Giada Garofalo - not a woman to mess with

Giada Garofalo – maybe don’t mess with her

’Tis the season for jolly comedy performers to be previewing and thinking of ways to promote their Edinburgh Fringe shows next month.

Last night, I went to Soho in London to see Edinburgh preview shows by Giada Garofalo and Oli Bettesworth.

In his very funny show about depression – Sunshine and Lollipops (and a Creeping Sense of Existential Terror) – the very English Oli is seemingly making a fair bid for the loudest show on the Fringe. I cannot see his voice lasting out beyond the first week.

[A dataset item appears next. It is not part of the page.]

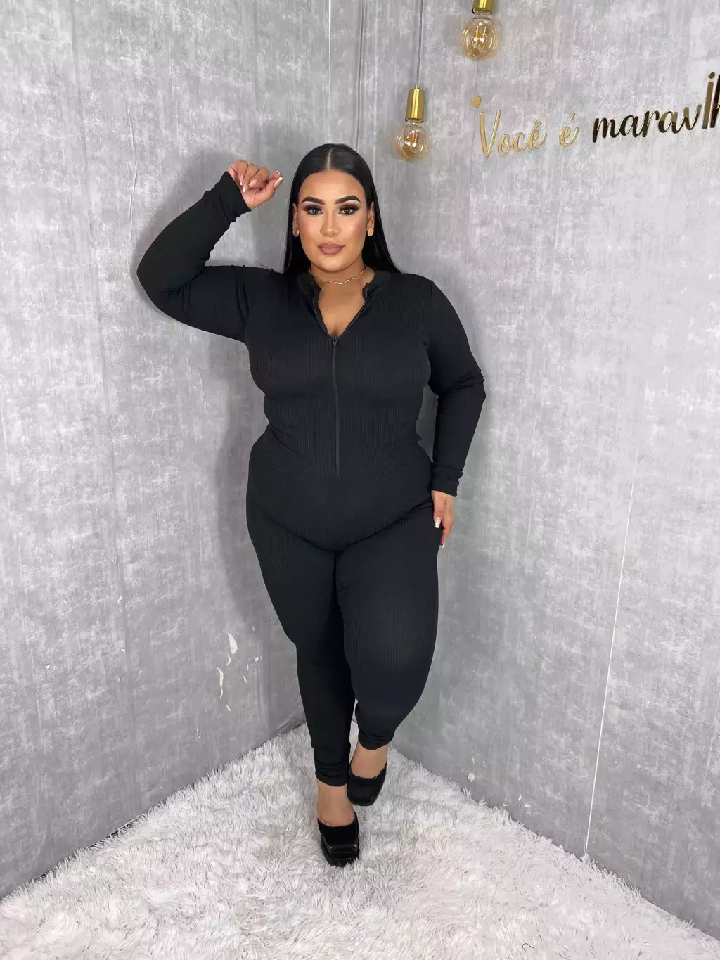 Conheça o Macacão Gringa Plus, a peça ideal para quem busca um visual sofisticado e confortável em qualquer ocasião. Confeccionado com tecido Anarruga, este macacão oferece leveza, durabilidade e um caimento perfeito, sem transparência.
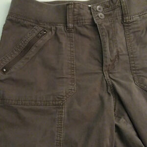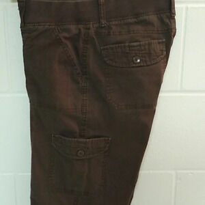 LEE EASY FIT CAPRI CARGO PANTS WITH TAB CUFF HEM, SOFT JERSEY KNIT ELASTIC WAIST.WITH BELT LOOPS. BROWN

The very Sicilian Giada – with Live in the Staff Room! (Sex, Fairy Tales, Serial Killers & other Stuff) – is making a strong bid for the most autobiographically sexual show on the Fringe – the sex even permeates the fairy tale section which dumps Disney for Edgar Allan Poe.

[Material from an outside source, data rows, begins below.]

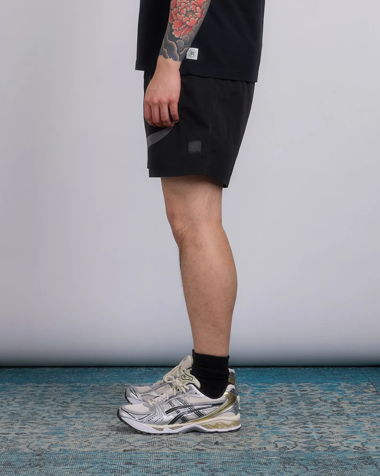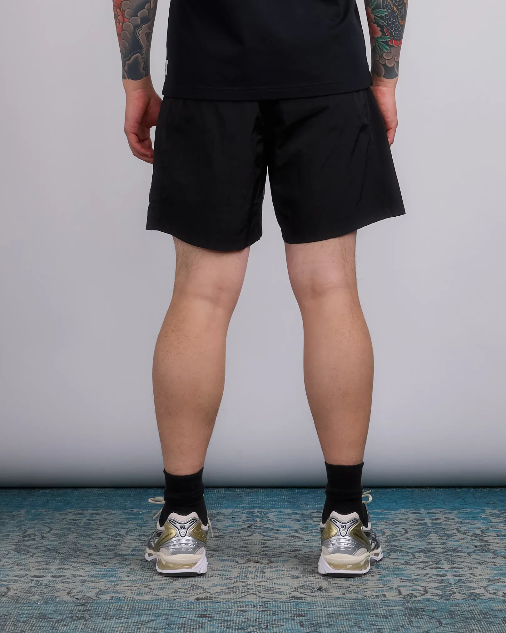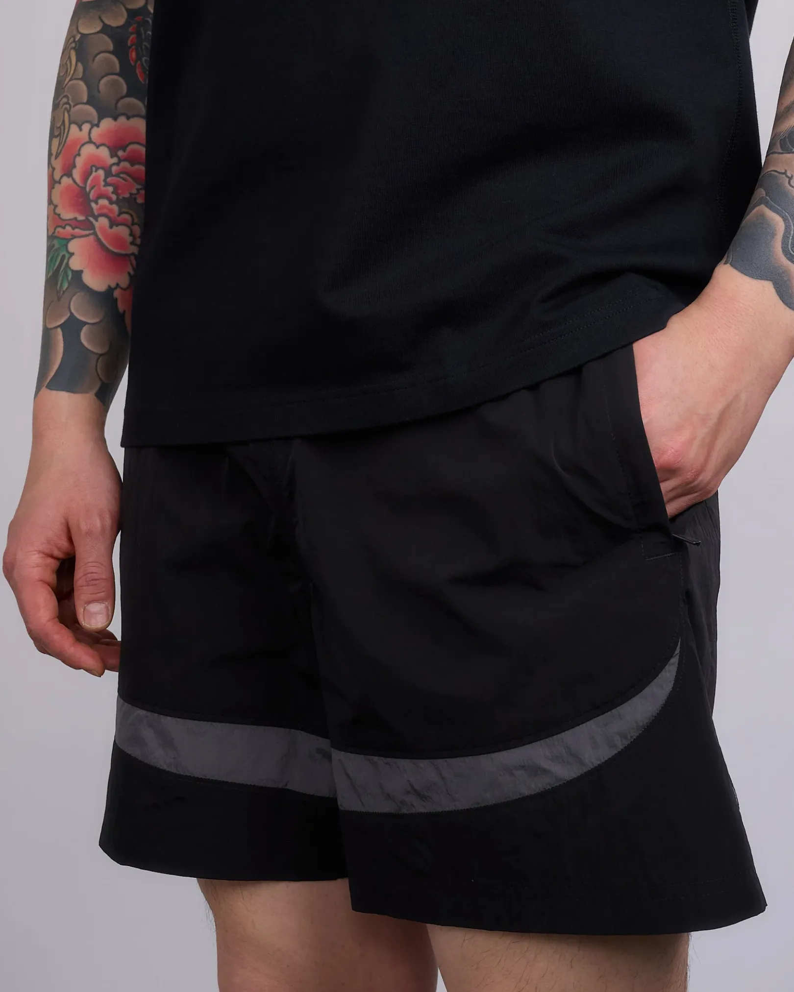 This versatile short is crafted from water-repellent crinkle nylon with contrast paneling. Designed for multipurpose activity, it features a 6″ inseam, elasticated waistband, and mesh-lined zip pockets.
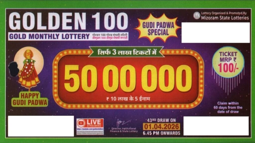 Mizoram State Golden 100 Gold Monthly Lottery 43rd Draw On Wednesday, 1 April 2026 At 6:30 PM. You can watch result on our website lotteryresultsnow.in
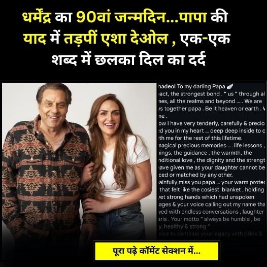 धर्मेंद्र के जन्मदिन पर इमोशनल हुईं हेमा मालिनी, पति के लिए लिखा प्यार भरा ‘ख़त’।
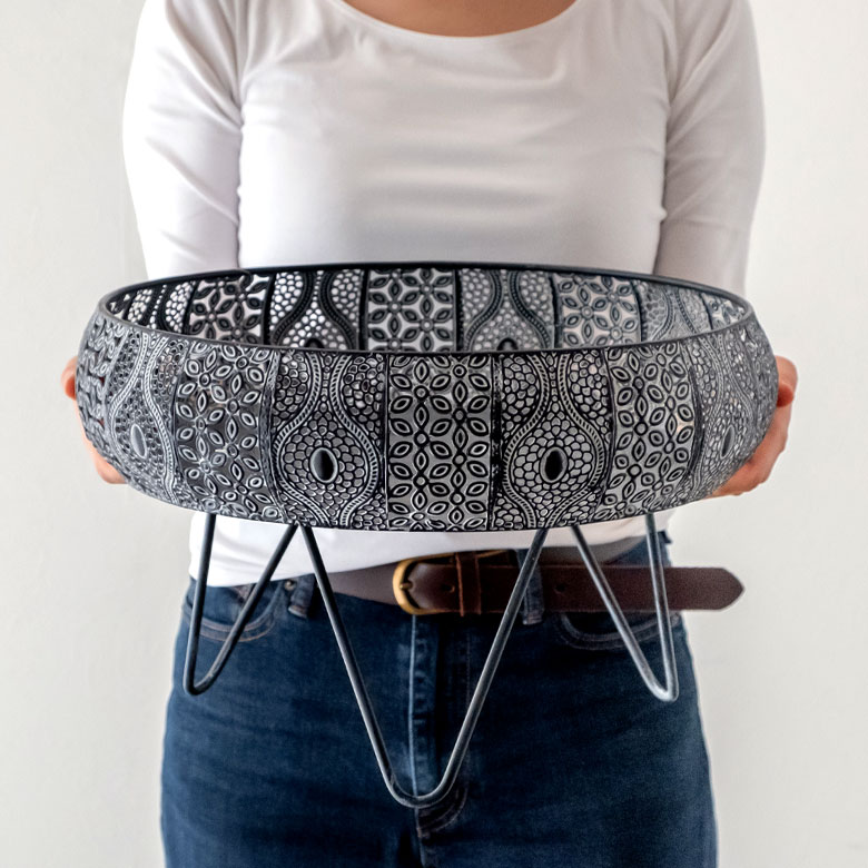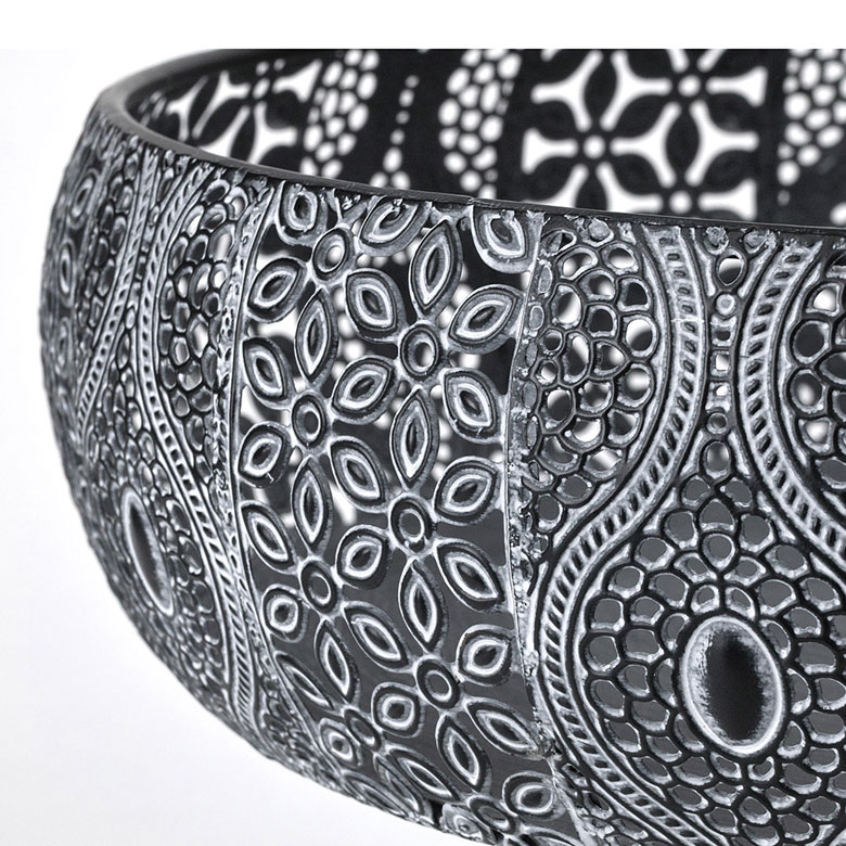 繊細な透かし彫りのアラベスク模様が美しいフラワーバスケット。

Before the two previews, I had tea with Miss Behave, who is promoting her Edinburgh shows with the help of crowdfunding via a Kickstarter appeal.

“How much did you appeal for?” I asked.

“£397 – and I made it in six hours. So, I have decided to take it bigger and better.

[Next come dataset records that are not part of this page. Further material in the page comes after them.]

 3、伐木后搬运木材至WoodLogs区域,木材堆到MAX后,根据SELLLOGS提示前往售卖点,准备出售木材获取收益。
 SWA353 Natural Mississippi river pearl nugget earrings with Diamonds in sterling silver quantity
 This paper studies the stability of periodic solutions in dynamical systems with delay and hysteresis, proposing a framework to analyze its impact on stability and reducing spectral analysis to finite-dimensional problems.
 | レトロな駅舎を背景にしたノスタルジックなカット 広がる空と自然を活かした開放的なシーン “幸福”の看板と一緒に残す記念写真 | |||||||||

Miss Behave’s successful appeal on Kickstarter

Miss Behave’s very successful first appeal on Kickstarter

“I did start off wanting camels, because I thought it would be a great way to launch my show(s) at the Fringe – to actually parade through a pedestrian area, flyering on camels.”

“And…?” I asked.

“Just try and get a fucking camel to Edinburgh,” said Miss Behave. “So then I thought: Donkeys.”

“You bet your ass,” I said.

Miss Behave ignored me.

“Or cows,” she continued. “But apparently cows have a tendency to charge at crowds of people, so that felt too dangerous. So then I was riffing with this person who is an animal wrangler. A Scottish animal wrangler.”

“For films?” I asked.

“Yeah. So I said: What about 50 chihuahuas? She thought about it overnight, called me back the next day and said: Right. I’ve sorted it. I’ve got a guy, who is also an animal wrangler, who has 20 chihuahua Jack Russell puppy mixes, so they’ll get on. If I just got 50 random dogs, there would be a dog fight.”

“These are,” I checked, “an interbreeding of chihuahuas and Jack Russells?”

“Yeah. Pretty cute. Chihuahuas are a bit too scary but, if you throw a bit of Jack Russell into the mix, that’s cute-tastic. It’s got a special name – a Jahuahua or JackChi or Jackhuahua or something.”

Jacksie?” I asked.

“JackChi,” said Miss Behave.

Miss Behave under the weather in Soho yesterday

Miss Behave under the weather in Soho yesterday afternoon

“You know,” I told her, “that there are dogs which are a cross between shih tzus and poodles?’

“What are they called?”

“Not what you’d think,” I said. “Which is a pity.”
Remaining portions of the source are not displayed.